[Records contained in a dataset]
Segment Open

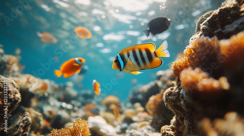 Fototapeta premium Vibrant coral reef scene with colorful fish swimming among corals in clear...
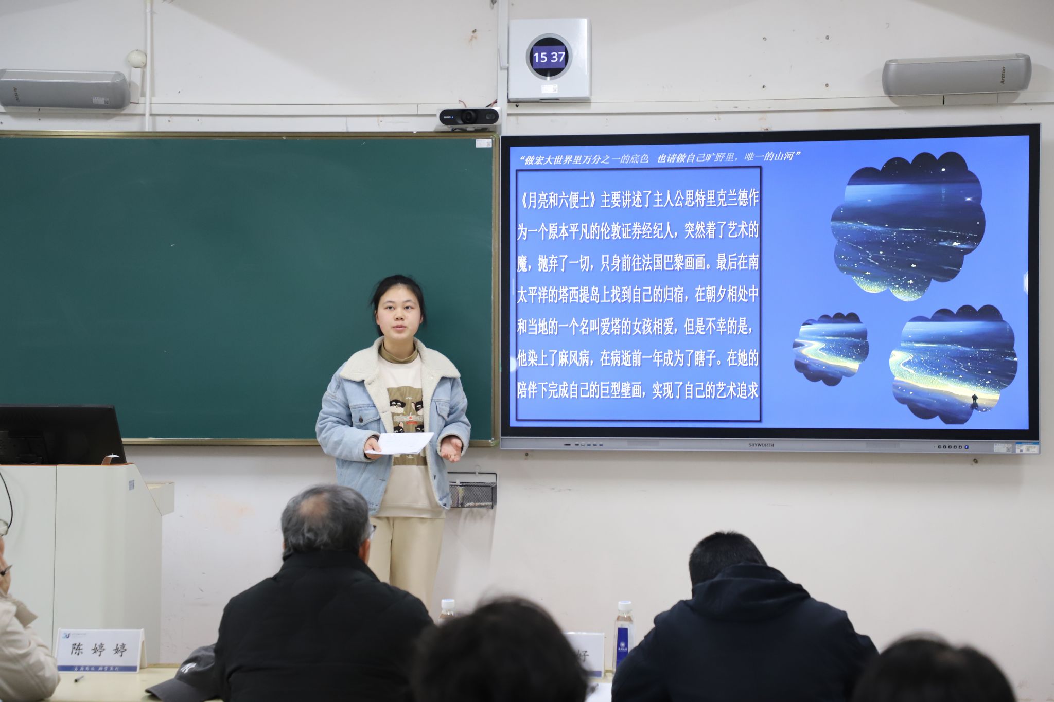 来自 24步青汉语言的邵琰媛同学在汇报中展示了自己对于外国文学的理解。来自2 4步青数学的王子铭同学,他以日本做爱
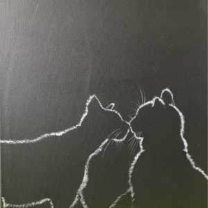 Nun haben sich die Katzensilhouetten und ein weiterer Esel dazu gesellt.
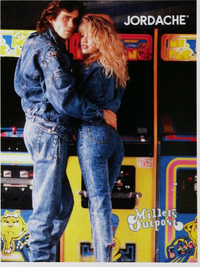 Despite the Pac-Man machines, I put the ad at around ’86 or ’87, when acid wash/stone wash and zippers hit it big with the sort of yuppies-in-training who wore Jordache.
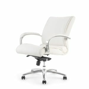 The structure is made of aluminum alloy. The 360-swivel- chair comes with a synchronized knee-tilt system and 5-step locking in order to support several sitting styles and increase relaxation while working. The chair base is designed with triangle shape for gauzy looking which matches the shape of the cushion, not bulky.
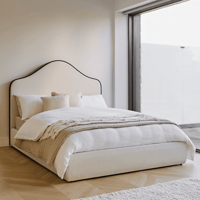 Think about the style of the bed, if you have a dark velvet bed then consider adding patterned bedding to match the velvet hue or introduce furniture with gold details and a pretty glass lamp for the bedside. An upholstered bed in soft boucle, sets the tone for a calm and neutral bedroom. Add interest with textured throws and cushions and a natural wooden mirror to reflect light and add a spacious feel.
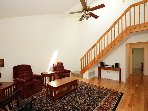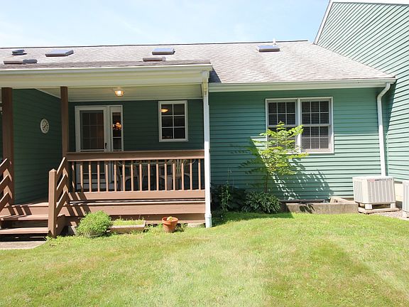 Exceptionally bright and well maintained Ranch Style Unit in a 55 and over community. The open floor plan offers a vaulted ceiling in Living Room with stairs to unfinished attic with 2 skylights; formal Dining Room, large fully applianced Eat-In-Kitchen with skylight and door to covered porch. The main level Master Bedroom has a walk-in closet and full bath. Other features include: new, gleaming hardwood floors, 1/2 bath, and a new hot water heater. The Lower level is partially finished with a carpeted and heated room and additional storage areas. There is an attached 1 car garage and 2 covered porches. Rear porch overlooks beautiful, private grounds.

Segment Closed

Work required: Print the data above verbatim from the first line through the line holding "Nun haben sich", leaving every picture out.

Result of the task:
 Fototapeta premium Vibrant coral reef scene with colorful fish swimming among corals in clear...
 来自 24步青汉语言的邵琰媛同学在汇报中展示了自己对于外国文学的理解。来自2 4步青数学的王子铭同学,他以日本做爱
 Nun haben sich die Katzensilhouetten und ein weiterer Esel dazu gesellt.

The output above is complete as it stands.